On the 1st part of this multi-part series on Apache Flink CEP library, I briefly covered the case for a dedicated CEP framework among the toolsets of open-source stream processing frameworks. Quick recap on the use case
For a customer, an ATM Withdrawal Txn >= 10,000 made more than ‘3 times’ in a location > 50 mile radius from the next txn location within ‘2 hours’ should be flagged as a possible fraudulent transaction and an alert should be triggered.
Business users need a simple yet intuitive interface to define such complex events and alerts. But the focus of this post is how well the Flink CEP library lends itself to implement typical CEP uses-cases. Here is a early draft version of a code. (Note: for testing purposes I have kept the Txn count 2 instead of 3 and Txn window to 20 seconds, you could always change it)
Observations so far..
- I have used Kafka as the event source, the code is couple of lines. (Matching Kafka connector version with Flink version wasn’t straightforward)
- Creating Patterns with the pattern API for the CEP is very expressive. Comes with the classic “next” and “followedby” semantics built-in.
- Java 8 lambda support makes things readable and easy but the IDE /JDT limitations is rather painful. I use Eclipse Luna 4.4.2 SR2 and JDT generate doesn’t work.
Need to explore below pointers in this order.
- For the duration window in which if events happened, I have used ingest time as event time for simplicity. Flink provides options to extract event time from event packet itself.

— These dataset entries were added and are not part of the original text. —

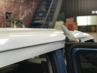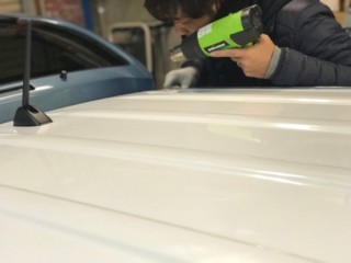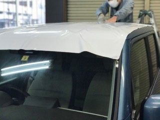 ルーフに大きなラッピングシートを広げ、
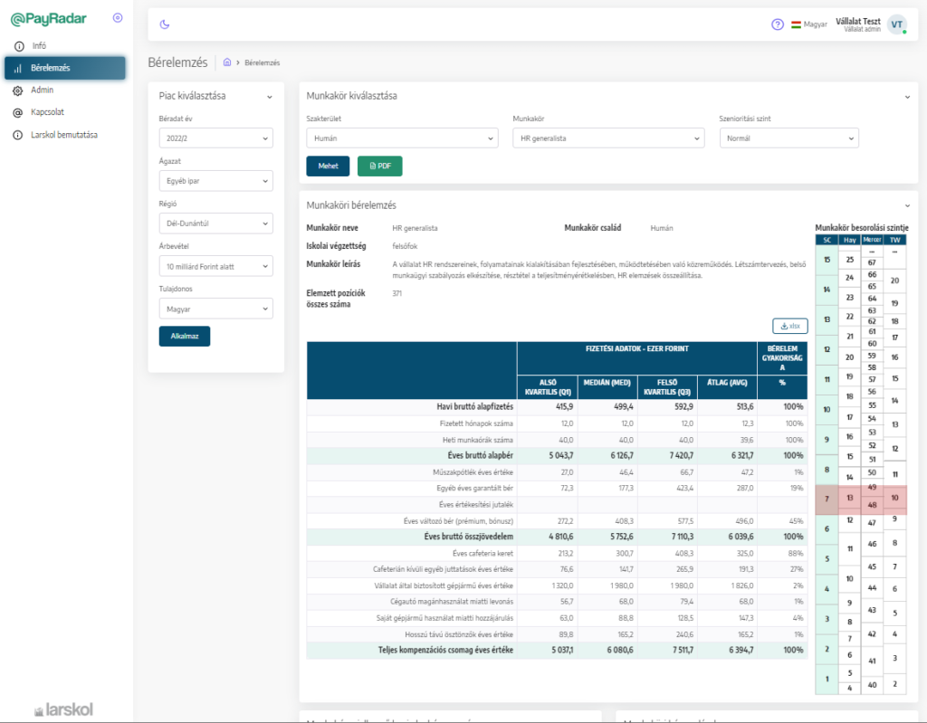 PayRadar munkaköri bérriport alkalmazásunkat olyan szervezetek számára ajánljuk, akiknek a munkaköri besorolási szintek helyett vagy mellett konkrét munkakörökre vonatkozó béradatokra van szükségük. Online alkalmazásunkkal a leggyakoribb 200 munkakör aktuális bérezési és juttatási adatait tudja különféle szempontok szerint lekérdezni.
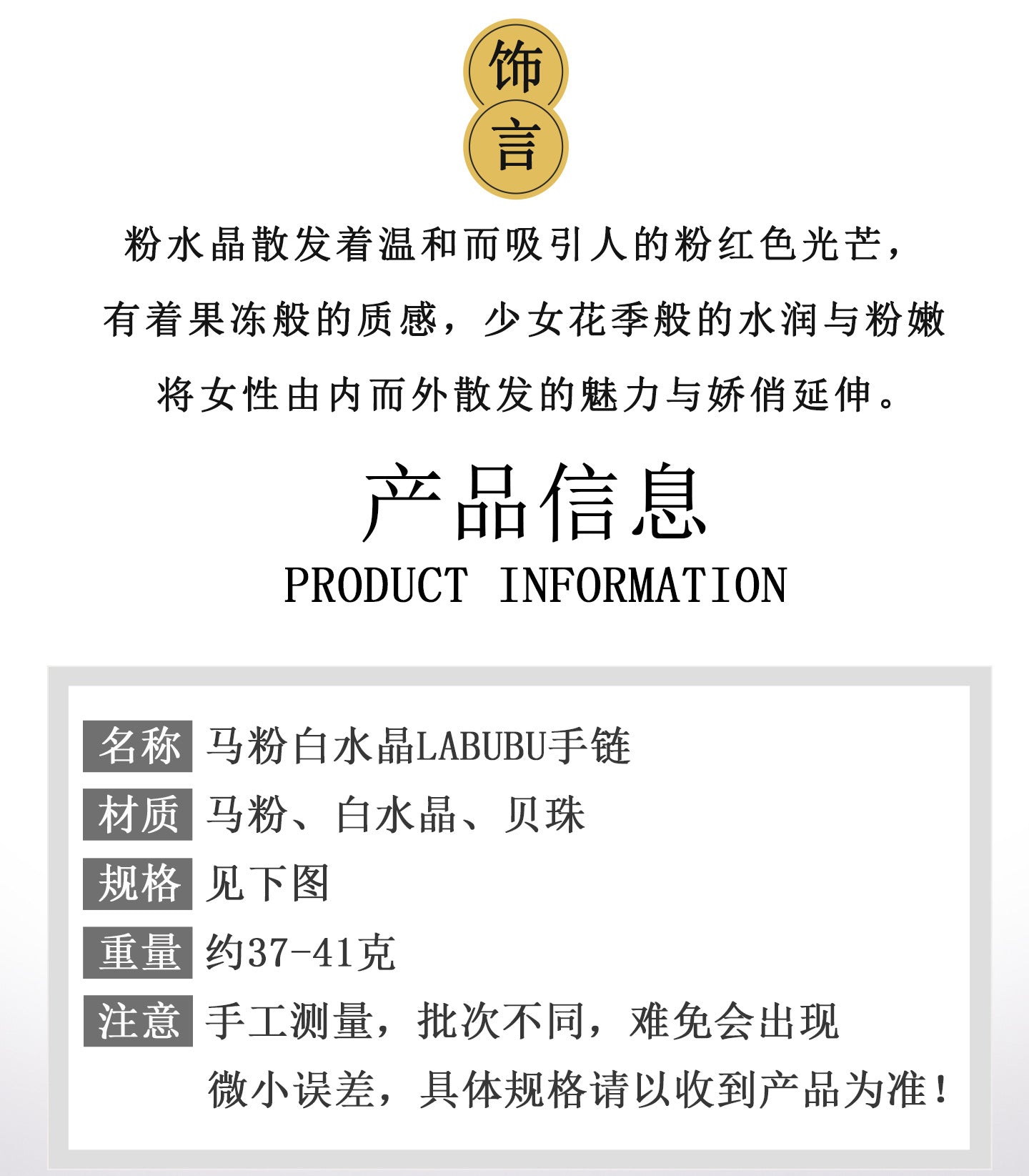 Here, the gentle pink energy acts as the wind, soothing the heart, and the white crystals embody the fire, illuminating one's path. Wearing this bracelet aligns with the principle of yin and yang—softness and strength intertwined. The LABUBU charm, with its whimsical design, serves as a guardian, reminding us to embrace joy and ward off negativity.
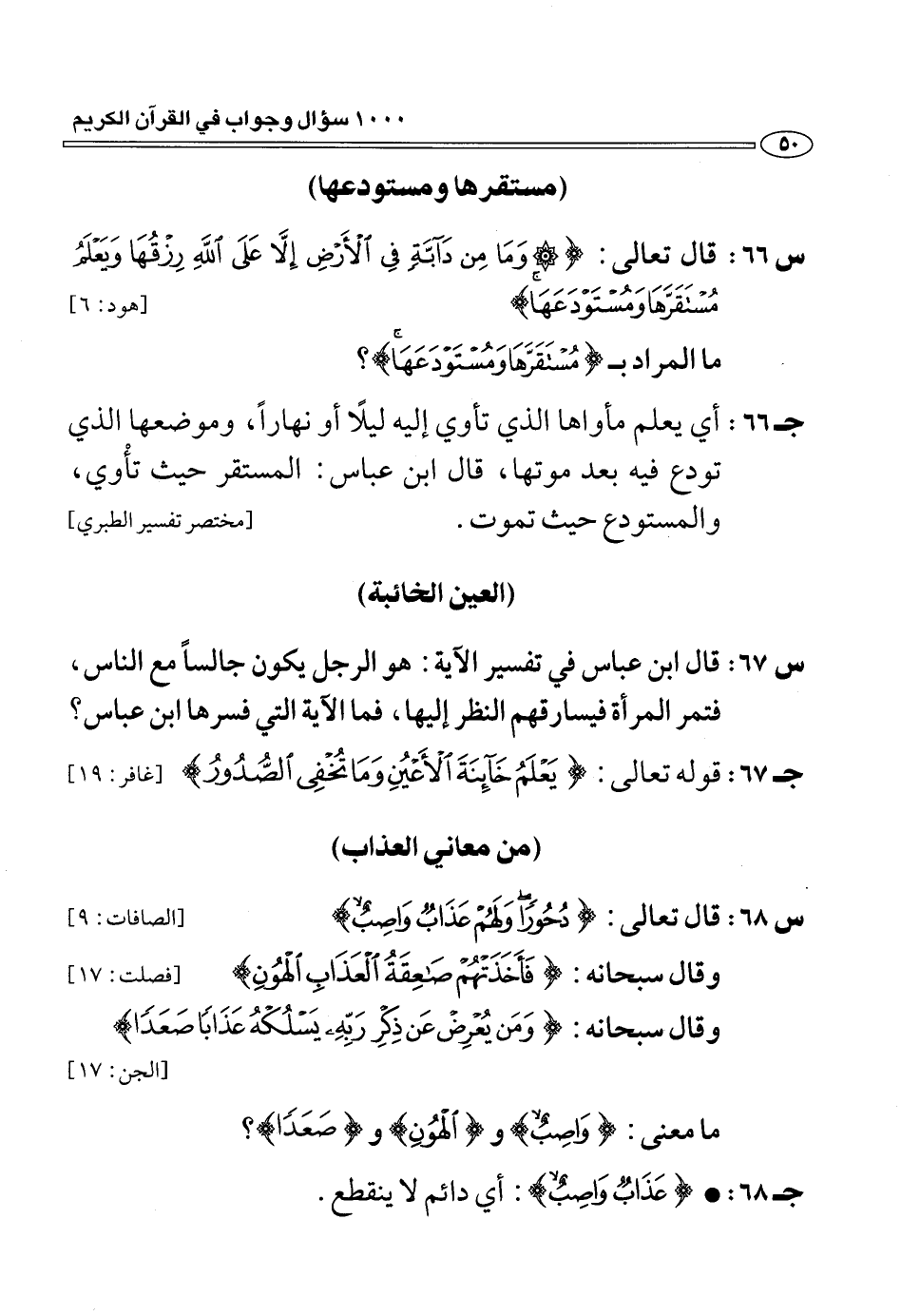 (س 68:) قال تعالى: دُحُوراً وَلَهُمْ عَذابٌ واصِبٌ [الصافات: 9] وقال سبحانه: فَأَخَذَتْهُمْ صاعِقَةُ الْعَذابِ الْهُونِ [فصلت: 17] وقال سبحانه: وَمَنْ يُعْرِضْ عَنْ ذِكْرِ رَبِّهِ يَسْلُكْهُ

This needs to be explored, changed and tested for performance at scale.
- Expand the filter function placeholder with logic to do the GeoSpatial filter between ATM location and customer homesite using Elastic search integration.
- Verify how CEP states are maintained between failures and check recovery.
- Create an alert like a mobile push notification or email to make it more real.
- Combine different events to form a Complex event.